We just sprayed Chemcraft satin Variset Plus Pre Cat pigmented top coat today. Sprayed white over 12 yr old white lacquer, Sprayed like a dream. Used a ED655, can be sanded in one hour if weather permits, , must be top coated same day. Looks beautiful. Has anyone used this? Good wetting. 2 oz of retarder.


----------



## cocomonkeynuts (Apr 14, 2017)

canopainting said:


> We just sprayed Chemcraft satin Variset Plus Pre Cat pigmented top coat today. Sprayed white over 12 yr old white lacquer, Sprayed like a dream. Used a ED655, can be sanded in one hour if weather permits, , must be top coated same day. Looks beautiful. Has anyone used this? Good wetting. 2 oz of retarder.



Be careful going over existing lacquer too many mils can lead to the surface cracking.


How do you like that pump? Looks interesting, though I am preferential to my graco 9.5


----------



## Mr Smith (Mar 11, 2016)

canopainting said:


> We just sprayed Chemcraft satin Variset Plus Pre Cat pigmented top coat today. Sprayed white over 12 yr old white lacquer, Sprayed like a dream. Used a ED655, can be sanded in one hour if weather permits, , must be top coated same day. Looks beautiful. Has anyone used this? Good wetting. 2 oz of retarder.

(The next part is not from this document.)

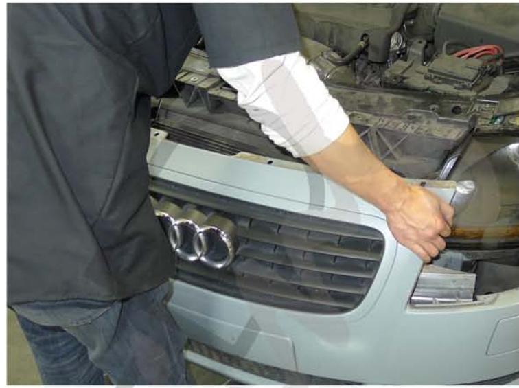
18. Remove and set aside front bumper

Weather permits? Somebody lacquered an exterior surface? I'm not sure I understand what you did or what the coating actually is. Waterbased? 

I have a sample gallon of waterbased Chemcraft (white for cabinets) that I haven't used yet but it is not what you describe.


----------



## canopainting (Feb 12, 2013)

They don't recumbent using when Humidity is above I think 65%


----------